> [Exercise objective]: Look below for the line holding "PCWork PCW08H - Conjunto" and the line holding "This updated 2". Repeat those two and everything between, exactly.

> [Exercise materials]:
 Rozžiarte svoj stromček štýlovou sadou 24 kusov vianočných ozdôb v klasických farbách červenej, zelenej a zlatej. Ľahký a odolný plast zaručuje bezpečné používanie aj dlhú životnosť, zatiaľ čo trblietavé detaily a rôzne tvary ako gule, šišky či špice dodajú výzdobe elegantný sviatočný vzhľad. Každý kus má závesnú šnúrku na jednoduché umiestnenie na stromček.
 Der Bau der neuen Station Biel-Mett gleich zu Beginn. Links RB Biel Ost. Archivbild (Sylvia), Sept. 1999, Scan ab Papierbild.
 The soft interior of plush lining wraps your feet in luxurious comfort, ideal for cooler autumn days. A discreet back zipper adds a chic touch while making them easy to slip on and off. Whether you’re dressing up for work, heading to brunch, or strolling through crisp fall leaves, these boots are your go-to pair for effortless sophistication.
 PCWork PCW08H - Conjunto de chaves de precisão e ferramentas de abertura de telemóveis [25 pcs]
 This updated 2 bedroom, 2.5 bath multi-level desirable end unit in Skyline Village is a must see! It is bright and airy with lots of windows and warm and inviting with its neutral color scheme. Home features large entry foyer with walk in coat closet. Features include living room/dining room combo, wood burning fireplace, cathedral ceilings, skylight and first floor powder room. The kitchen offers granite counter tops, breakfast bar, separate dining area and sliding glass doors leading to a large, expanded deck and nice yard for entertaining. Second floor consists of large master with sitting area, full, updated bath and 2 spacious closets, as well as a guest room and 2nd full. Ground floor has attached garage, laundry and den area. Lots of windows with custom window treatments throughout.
==
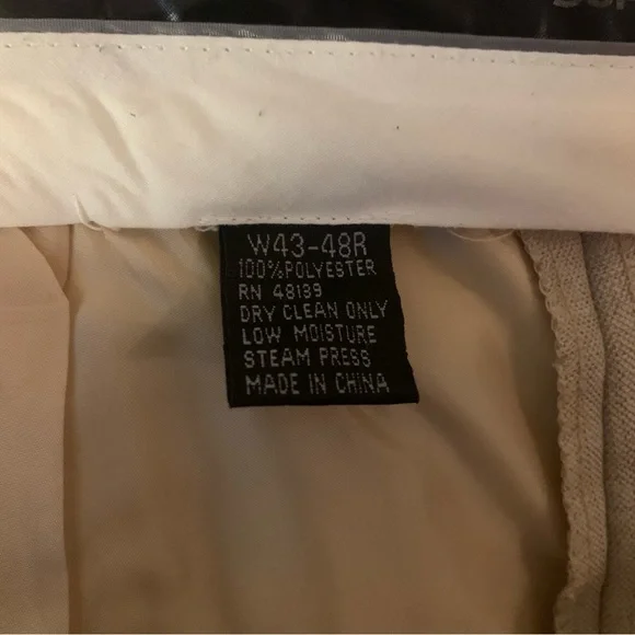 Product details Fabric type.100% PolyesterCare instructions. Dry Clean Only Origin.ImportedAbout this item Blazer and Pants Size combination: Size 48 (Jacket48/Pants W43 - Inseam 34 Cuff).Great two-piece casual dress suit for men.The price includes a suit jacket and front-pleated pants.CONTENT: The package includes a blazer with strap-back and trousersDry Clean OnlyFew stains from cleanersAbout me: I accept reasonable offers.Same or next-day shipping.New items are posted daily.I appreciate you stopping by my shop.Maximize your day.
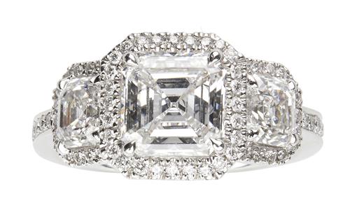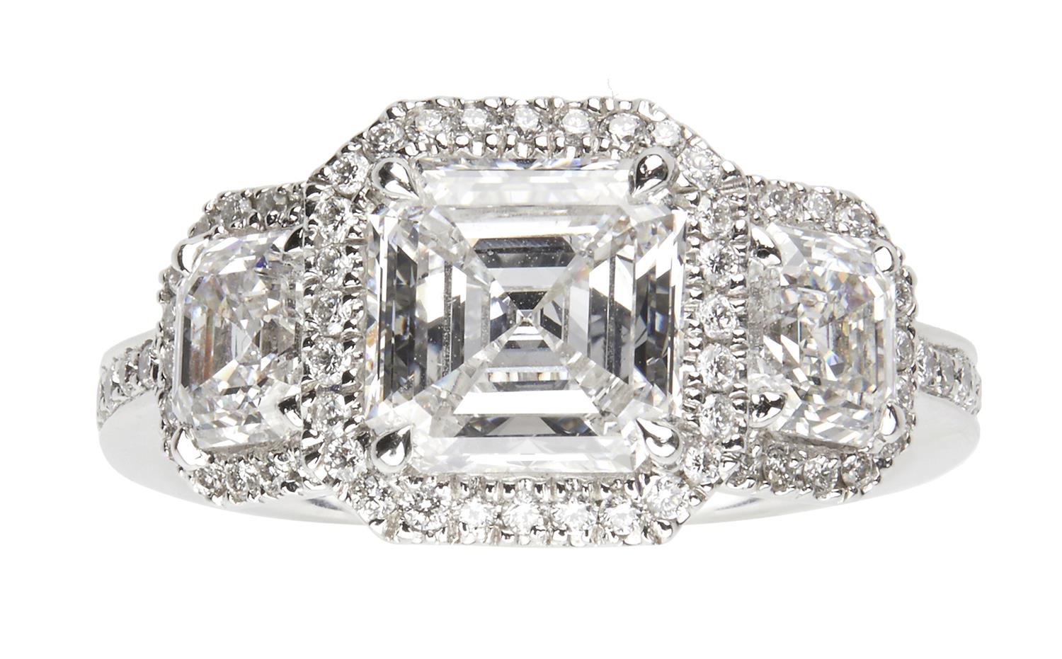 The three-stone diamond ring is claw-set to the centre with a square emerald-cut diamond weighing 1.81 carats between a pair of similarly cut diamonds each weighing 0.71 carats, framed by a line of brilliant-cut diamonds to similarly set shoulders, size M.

> [Task answer]:
 PCWork PCW08H - Conjunto de chaves de precisão e ferramentas de abertura de telemóveis [25 pcs]
 This updated 2 bedroom, 2.5 bath multi-level desirable end unit in Skyline Village is a must see! It is bright and airy with lots of windows and warm and inviting with its neutral color scheme. Home features large entry foyer with walk in coat closet. Features include living room/dining room combo, wood burning fireplace, cathedral ceilings, skylight and first floor powder room. The kitchen offers granite counter tops, breakfast bar, separate dining area and sliding glass doors leading to a large, expanded deck and nice yard for entertaining. Second floor consists of large master with sitting area, full, updated bath and 2 spacious closets, as well as a guest room and 2nd full. Ground floor has attached garage, laundry and den area. Lots of windows with custom window treatments throughout.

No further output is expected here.